Я задумался на секунду и ответил:
— Да. — И сердито расхаживая по комнате (а сердился я только на себя), рассказал ей о газетном объявлении. — Помимо всего прочего, это должно было означать объявление войны. Закодированный вызов. И его, очевидно, кто-то принял.
— Делать этого не следовало, — сказала миссис Тонкс. — По крайней мере — давать наш адрес, предварительно с нами не посоветовавшись. В любом случае вопрос остается открытым. Украсть ее мог кто угодно.
— Не думаю, — ответил я. Подозрение стало проясняться, — Некоторые члены семейства Уиншоу уже доказали свою заинтересованность в том, чтобы воспрепятствовать выходу этой книги, и меня бы вовсе не удивило…

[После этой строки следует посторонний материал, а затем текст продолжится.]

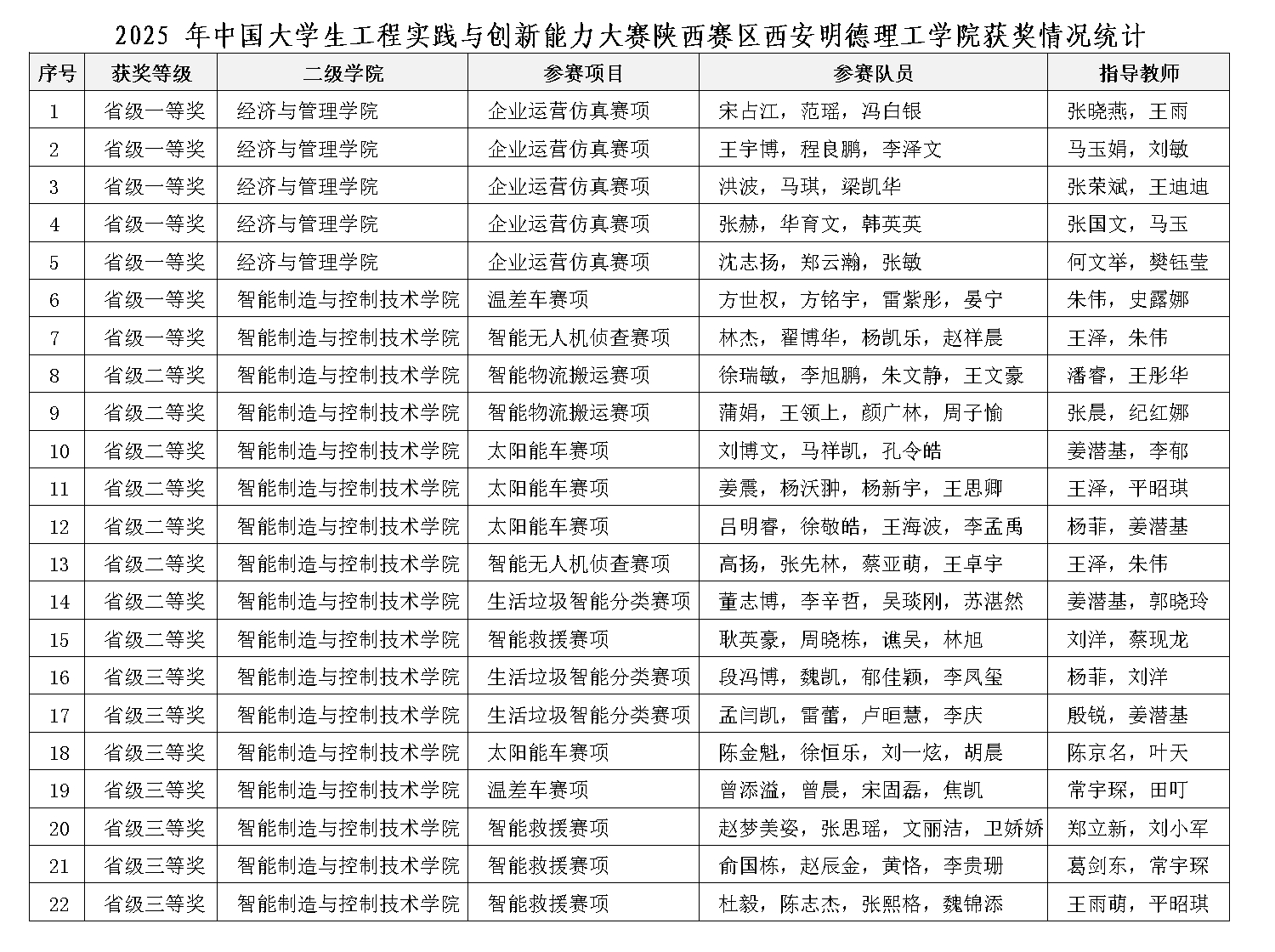 9月1日陕西省教育厅公布关于2025年中国大学生工程实践与创新能力大赛陕西赛区获奖名单的通知,大赛于2025年4月26至27日在长安大学渭水校区举行。本次学生组比赛全省共有48所高校的776支参赛队、2900余名学生参加,规模创历史新高。2026年国际足联世界杯学子表现亮眼,斩获多项荣誉,取得参赛以来最好成绩。

Миссис Тонкс меня не слушала.
— Мне кажется, следует сообщить об этом мистеру Макгэнни, — сказала она. — Пройдемте со мной, будьте добры?

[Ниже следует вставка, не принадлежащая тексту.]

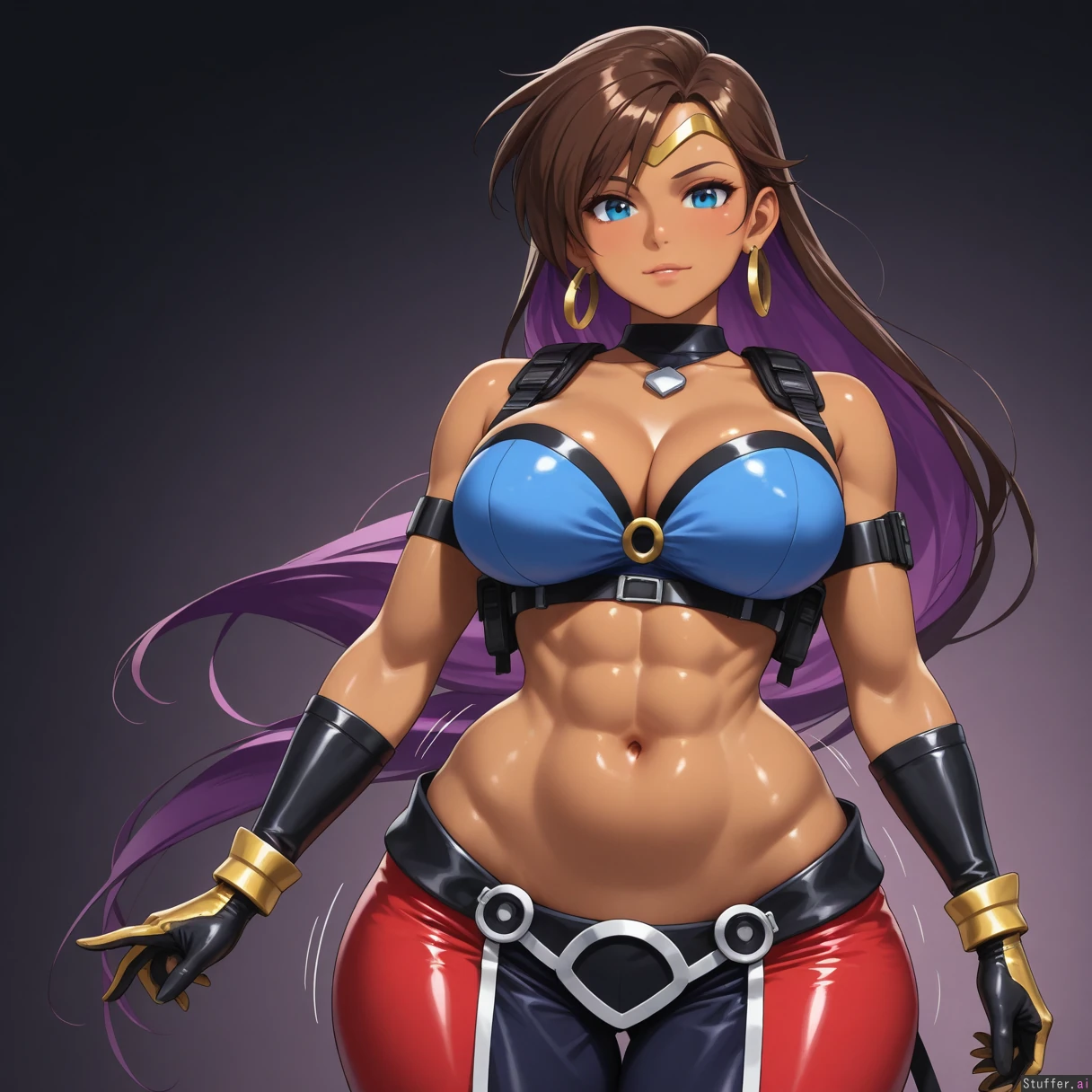 ((((solo)))), (((very accurate fused Jill Valentine Shantae amalgamation with perfect blend of both Shantae and Jill Valentine physical characteristics))), confident, tomboy appearance, ((fair brown skin)), (((fusion))), large breasts, (((very long brown and purple highlighted hair))), (tall), ((elongated body)), (small blue eyes), large breasts, ((((highly detailed deep navel)))), (((highly detailed soft stomach))), (((wide hips))), (((wide waist))), (((wearing tactical blue harem outfit))), (red crop top), (motion lines), smooth details, (nightime background), high quality art, golden glove cuffs, black gloves, thick thighs, (slight lower abdomen fat), ((highly detailed abs)), realistic proportions, (((resident evil artstyle))), ((hoop earrings)), dark background

Мы вышли обратно в приемную, и на несколько минут она исчезла за дверью другого кабинета, оставив меня наедине с секретаршей. Убаюканный перестуком по клавишам компьютера, я погрузился в бессвязные размышления о том, кто из Уиншоу мог стащить мою рукопись (или, вероятнее всего, кого-то для этой цели нанял). Первым кандидатом был Генри: в конце концов, он уже один раз пытался ее сжечь. Но и остальных исключать не следовало. Кто бы за этим ни стоял, вряд ли их целью было воспрепятствовать появлению книги: разумеется, злоумышленники могли предположить, что я сделаю несколько копий, поэтому, скорее всего, они собирались просто посмотреть, насколько далеко зашли мои изыскания. Я решил, что об этом голова у меня болеть пока не должна — сначала нужно раздобыть еще какие-нибудь факты. Но пришло время задать другой, более насущный вопрос.
Я подошел к столу секретарши и с напускным безразличием спросил:
— Я полагаю… мисс Гастингс сегодня уже не будет?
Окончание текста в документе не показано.